#### [Directions for this task]
Copy the following data exactly and drop the pictures.

#### [The data]

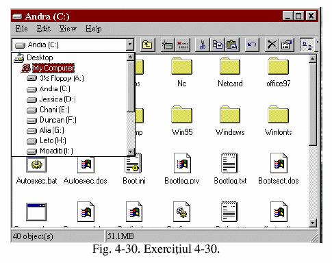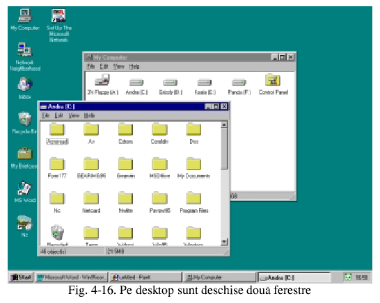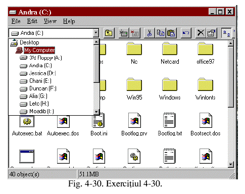 Exercitiu 5-52 (numai sub MS Windows 98): Din fereastra My Computer deschideti folderul pentru discul C (prin efectuarea unui dublu click pe icon-ul dsicului C). Pentru a reveni la fereastra My Computer, selectati optiunea Go Back din bara de meniu.
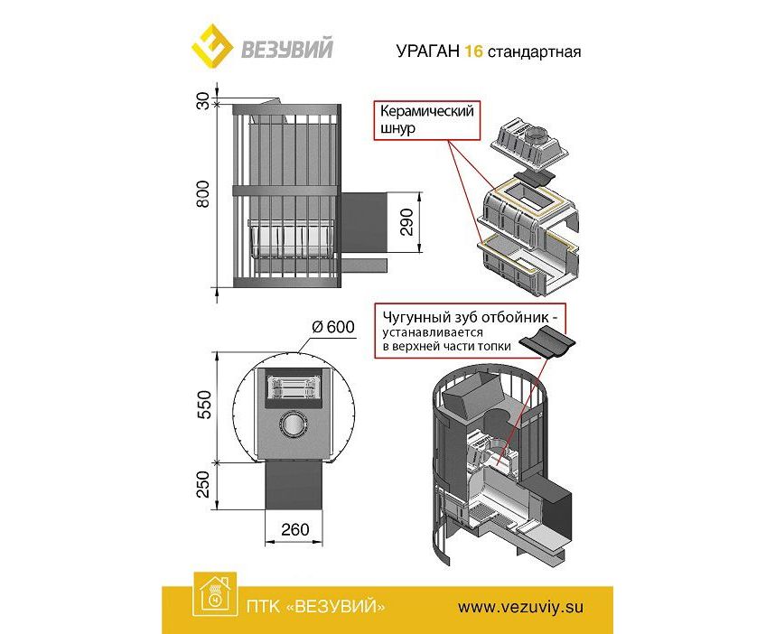 Преимущество печи в том, что она состоит из 3-х элементов. На стыке между ними используется керамический шнур с рабочей температурой 1200 градусов. То есть топка печи абсолютно герметична! Для фиксации деталей между собой применяется болтовое соединение, что даёт 100% гарантию безопасности при эксплуатации.
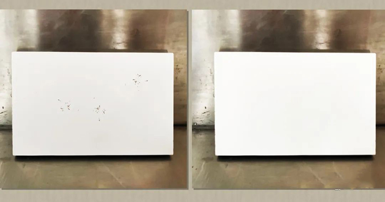 ▲在三聚氰胺板直接涂水性漆白面 西西影视官网,经30次冷热循环后的密着性测试 .
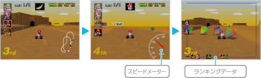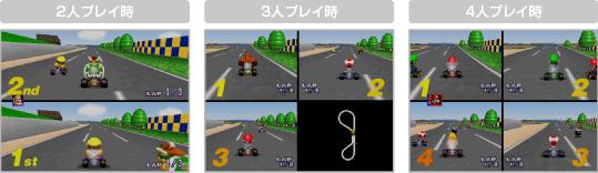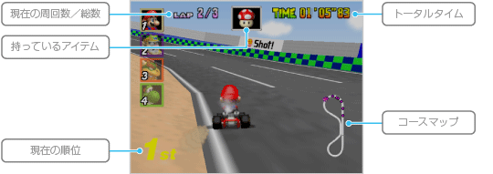 「マリオGP」「VS」「タイムアタック」では ※多人数プレイ時は表示の位置や種類が異なります。 |
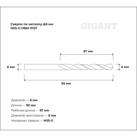 Gigant Сверло по металлу ф6мм HSS-G DBM 11127
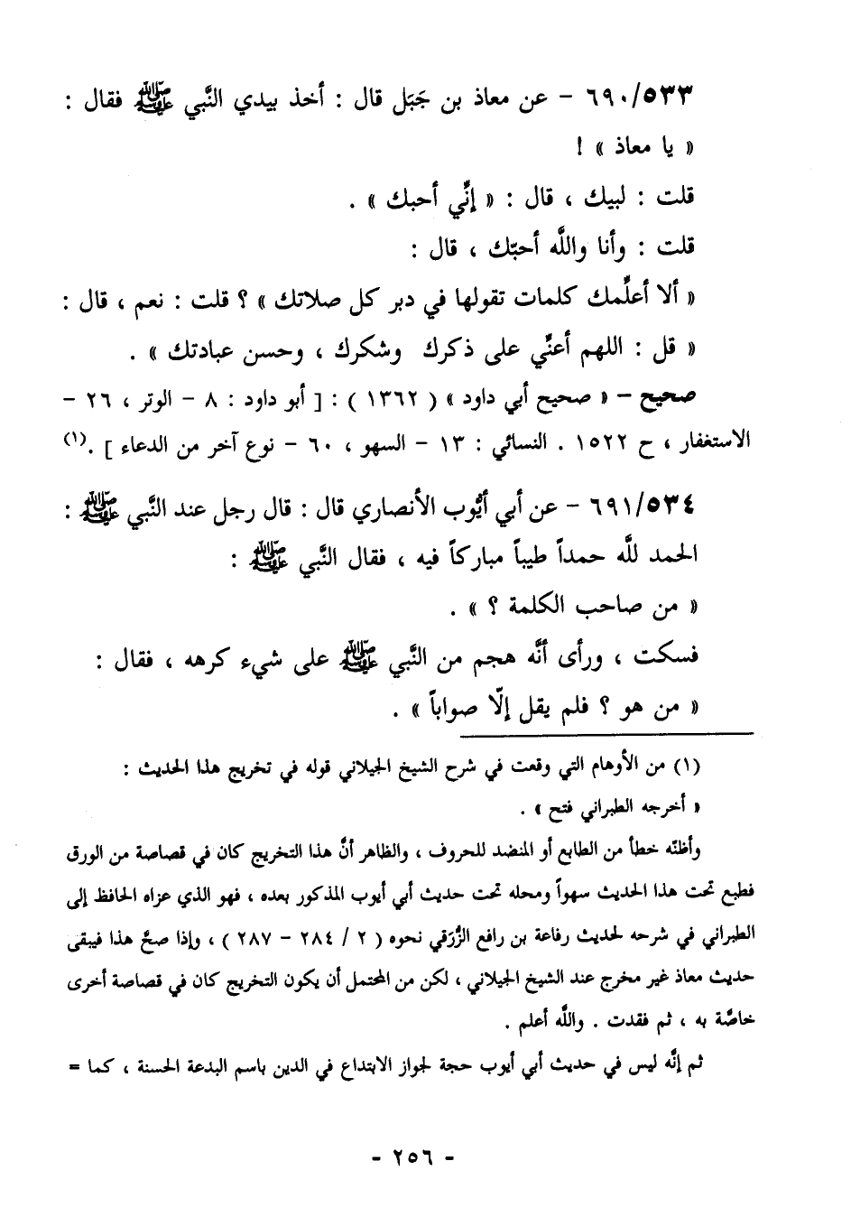 534/690 (صحيح) عَنْ مُعَاذِ بْنِ جَبَلٍ قَالَ: أَخَذَ بِيَدِي النَّبِيُّ صَلَّى اللهُ عَلَيْهِ وَسَلَّمَ فَقَالَ: "يَا مُعَاذُ"! قُلْتُ: لَبَّيْكَ. قَالَ: "إِنِّي أُحِبُّكَ". قُلْتُ: وَأَنَا وَاللَّهِ أُحِبُّكَ. قَالَ: "أَلَا أُعَلِّمُكَ كَلِمَاتٍ تَقُولُهَا فِي دُبُرِ كُلِّ صَلَاتِكَ"؟ قُلْتُ: نَعَمْ. قَالَ: "قُلِ: اللَّهُمَّ أَعِنِّي عَلَى ذكرك وشكرك، وحسن عبادتك".
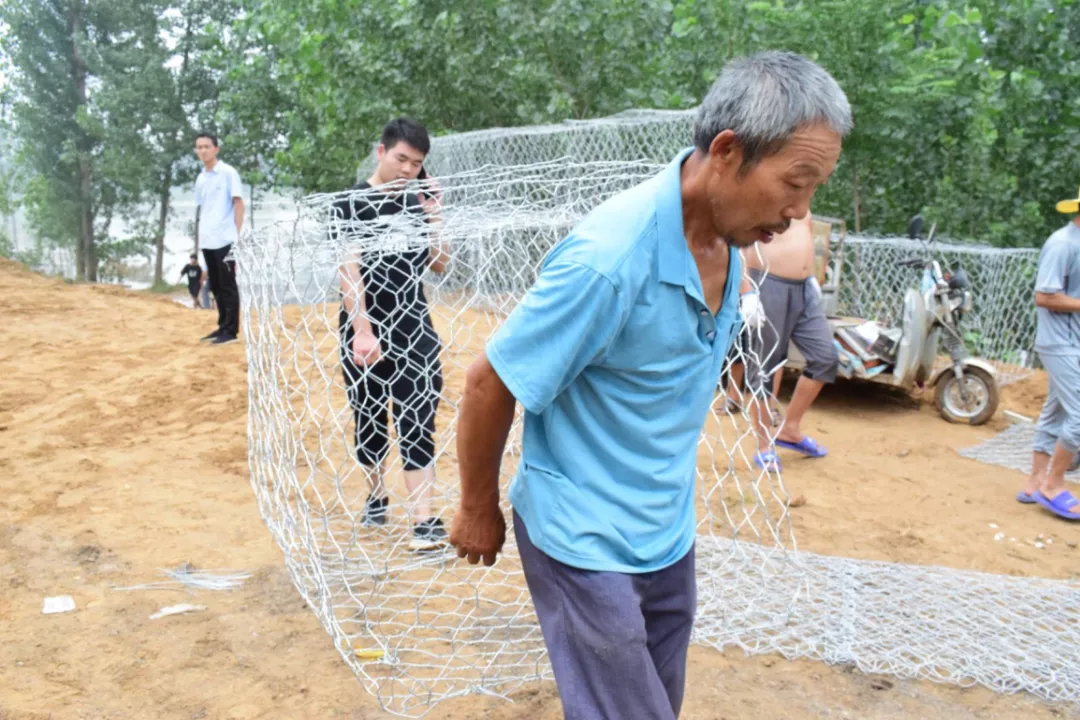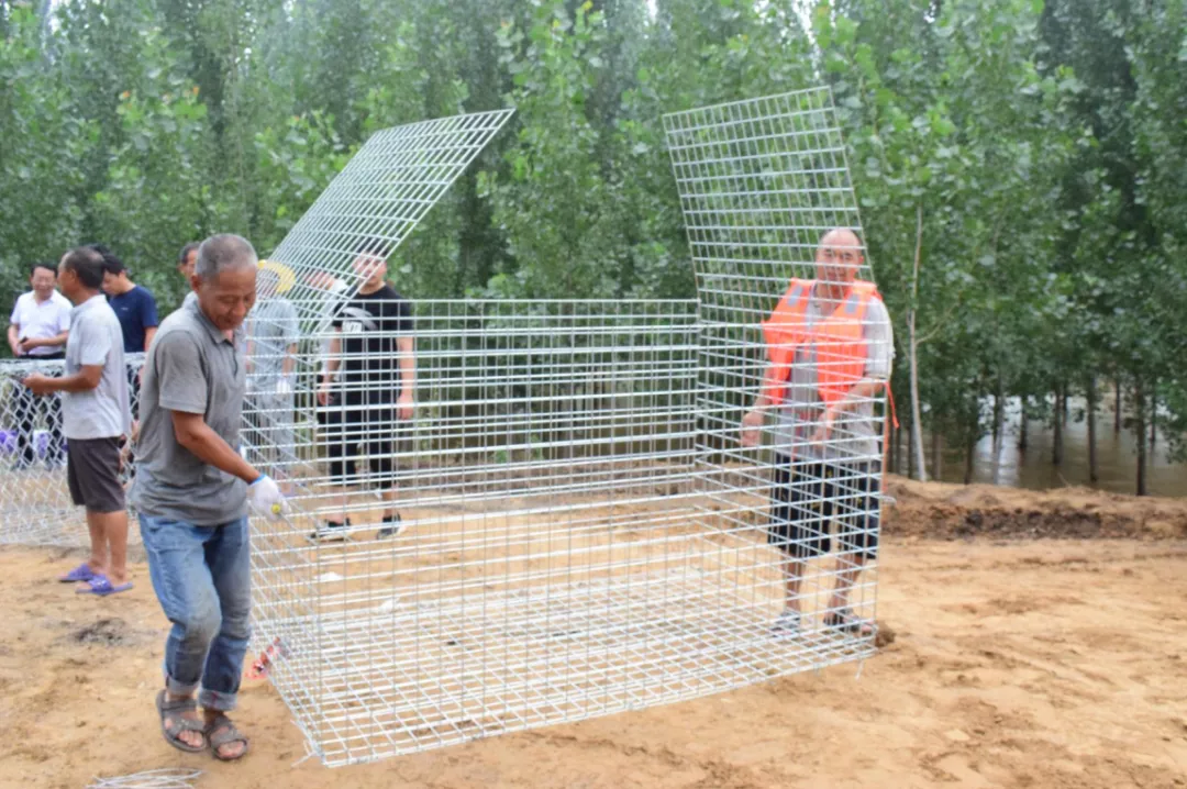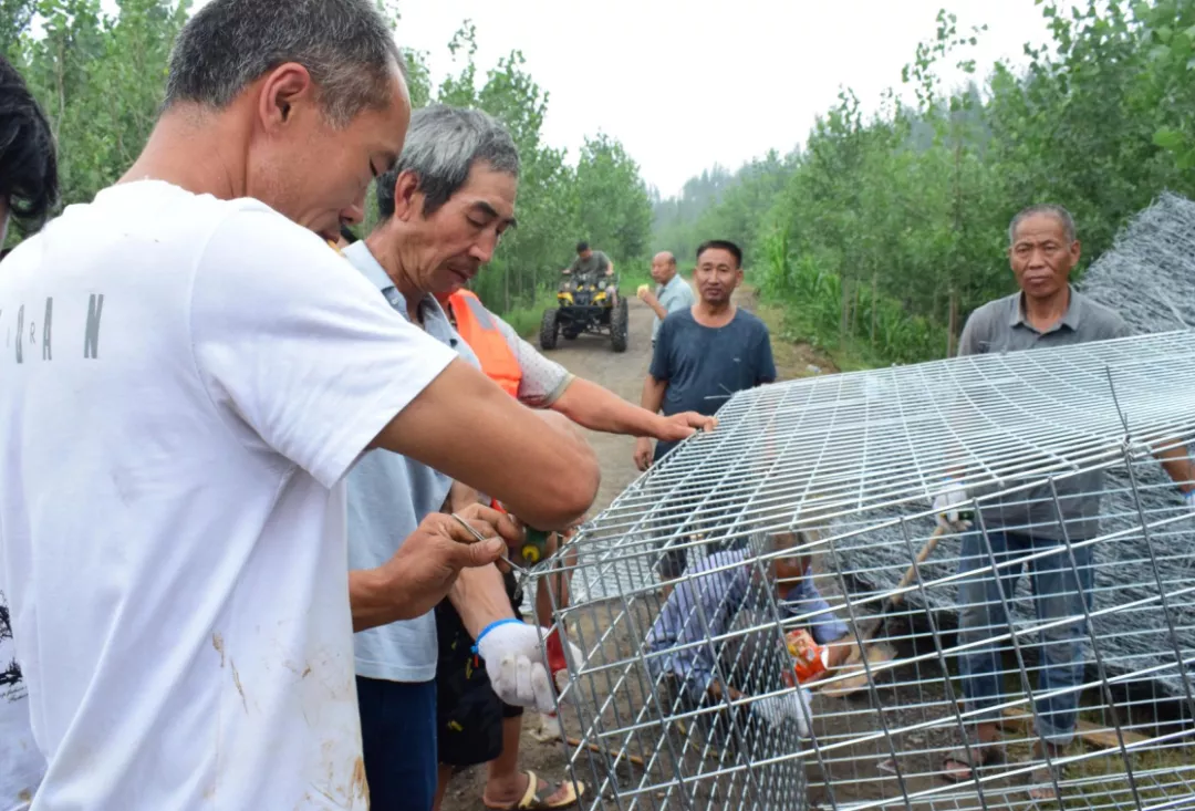 填入决口的沙袋太小容易冲散,此时便需要“格宾网”助阵!当天中午,笔者来到位于马武村附近的决口处,看到志愿者们正将不大的网格组成长一米、宽两米的方笼。
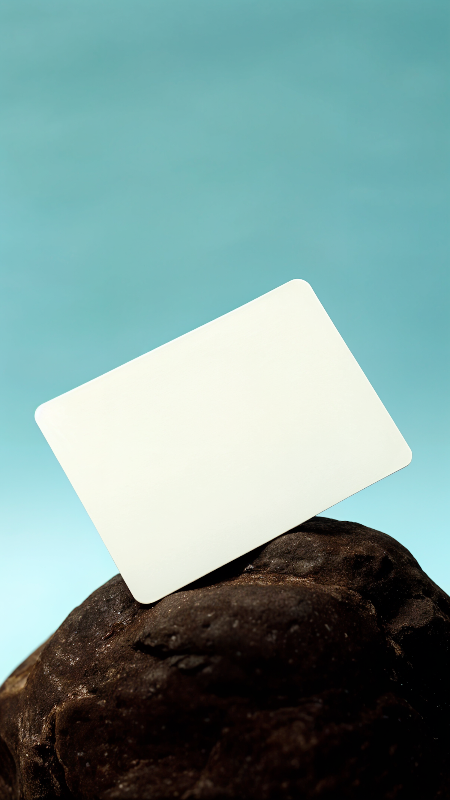Blank white card on a textured rock with a light blue background, creating a minimalist and serene composition.

#### [Problem solution]
 Exercitiu 5-52 (numai sub MS Windows 98): Din fereastra My Computer deschideti folderul pentru discul C (prin efectuarea unui dublu click pe icon-ul dsicului C). Pentru a reveni la fereastra My Computer, selectati optiunea Go Back din bara de meniu.
 Преимущество печи в том, что она состоит из 3-х элементов. На стыке между ними используется керамический шнур с рабочей температурой 1200 градусов. То есть топка печи абсолютно герметична! Для фиксации деталей между собой применяется болтовое соединение, что даёт 100% гарантию безопасности при эксплуатации.
 ▲在三聚氰胺板直接涂水性漆白面 西西影视官网,经30次冷热循环后的密着性测试 .
 「マリオGP」「VS」「タイムアタック」では ※多人数プレイ時は表示の位置や種類が異なります。 |
 Gigant Сверло по металлу ф6мм HSS-G DBM 11127
 534/690 (صحيح) عَنْ مُعَاذِ بْنِ جَبَلٍ قَالَ: أَخَذَ بِيَدِي النَّبِيُّ صَلَّى اللهُ عَلَيْهِ وَسَلَّمَ فَقَالَ: "يَا مُعَاذُ"! قُلْتُ: لَبَّيْكَ. قَالَ: "إِنِّي أُحِبُّكَ". قُلْتُ: وَأَنَا وَاللَّهِ أُحِبُّكَ. قَالَ: "أَلَا أُعَلِّمُكَ كَلِمَاتٍ تَقُولُهَا فِي دُبُرِ كُلِّ صَلَاتِكَ"؟ قُلْتُ: نَعَمْ. قَالَ: "قُلِ: اللَّهُمَّ أَعِنِّي عَلَى ذكرك وشكرك، وحسن عبادتك".
 填入决口的沙袋太小容易冲散,此时便需要“格宾网”助阵!当天中午,笔者来到位于马武村附近的决口处,看到志愿者们正将不大的网格组成长一米、宽两米的方笼。
Blank white card on a textured rock with a light blue background, creating a minimalist and serene composition.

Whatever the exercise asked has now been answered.